Exercise prompt =
Nothing but the lines from the one containing "Ділимо тісто на" through the end of the data should be retyped, exactly as they stand, and pictures should not be retyped.

Collection entries =
┌────────

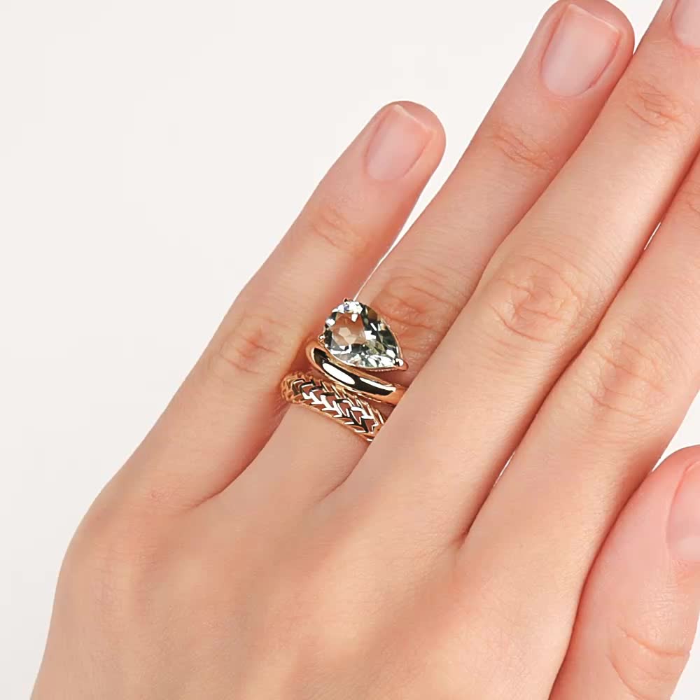 В редких случаях характеристики украшения или упаковка могут иметь отличия от представленных на фото или в описании.Кольцо с 1 празиолитом природным, 2.675 карат;
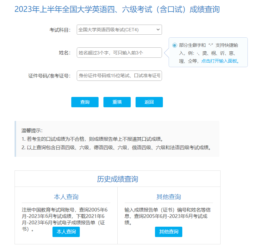 點(diǎn)擊進(jìn)入>>>2023年6月海南英語四級成績查詢及成績報(bào)告單查詢?nèi)肟?BR>
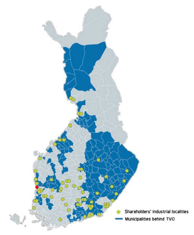 Rysunek 5. Lokalizacja podmiotów posiadających udziały w spółce TVO będącej właścicielem elektrowni Olkiluoto (na czerwono). Gminy - niebieskie obszary; zakłady przemysłowe - zielone punkty.
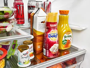 Make room for tall items. The front adjusts and slides out of the way, creating space for things like a 2-liter bottle or large salad bowl.
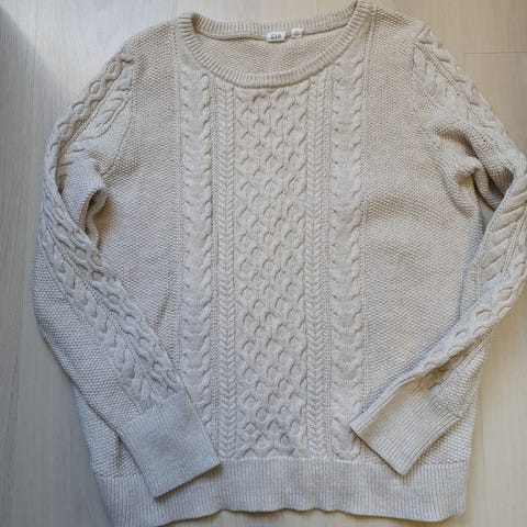Hvit/perlegrå genser med fine detaljer, litt nuppete men det fjernes lett med nuppefjerner. Kan evt gjøres før sending/kjøp. Står str xl men er nok mer en str m
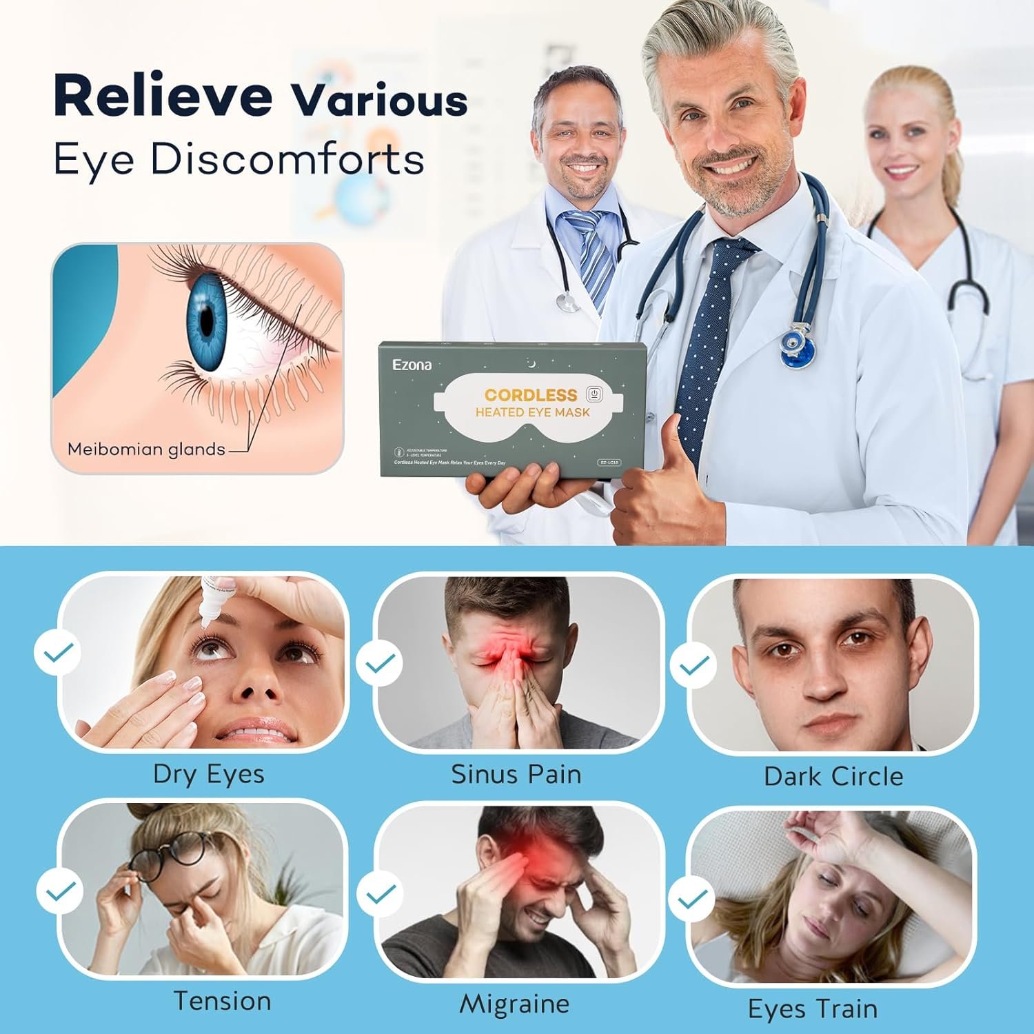 Relieves Common Eye Issues:Designed for anyone suffering from eye strain, our cordless heated eye mask uses natural glass beads to deliver gentle, even heat therapy. It helps relieve dryness, migraines, styes, and MGD while stimulating healthy oil secretion and boosting blood circulation for long-lasting comfort.
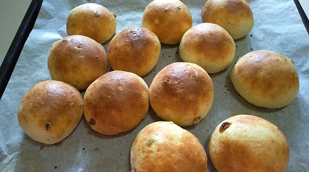 Ділимо тісто на 12 частин, формуємо булочки, укладаємо на лист застелений пекарським папером.
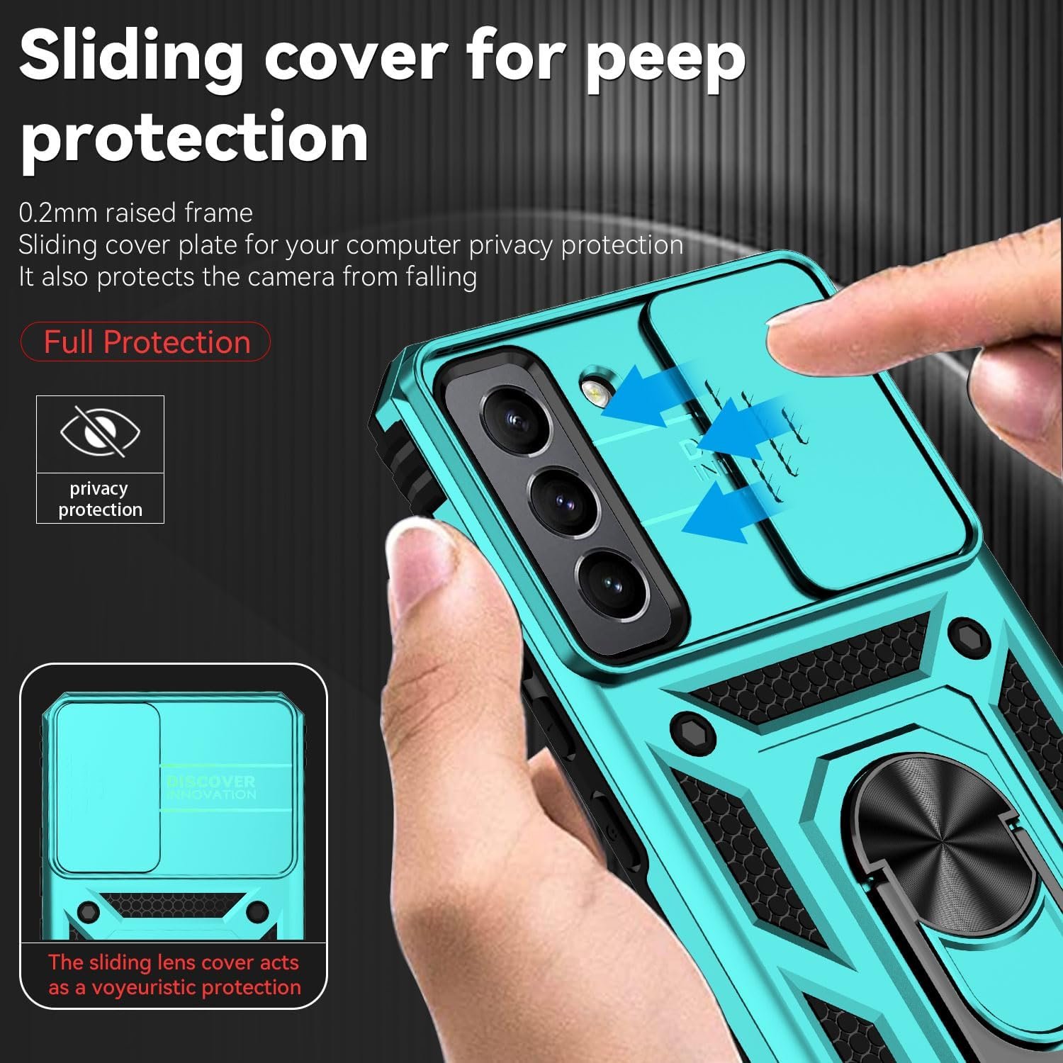 Built-in Camera Lens Cover: The sliding lens cover and 0.2 mm raised bezel protect your phone camera from scratches,collision,wear and impact. It can slide smoothly left and right,perfect to hide the camera.Besides,the sliding cover is slightly locked on both sides and can not be slid at will,which will not affect the normal use of the phone lens.

└────────

Your response =
 Ділимо тісто на 12 частин, формуємо булочки, укладаємо на лист застелений пекарським папером.
 Built-in Camera Lens Cover: The sliding lens cover and 0.2 mm raised bezel protect your phone camera from scratches,collision,wear and impact. It can slide smoothly left and right,perfect to hide the camera.Besides,the sliding cover is slightly locked on both sides and can not be slid at will,which will not affect the normal use of the phone lens.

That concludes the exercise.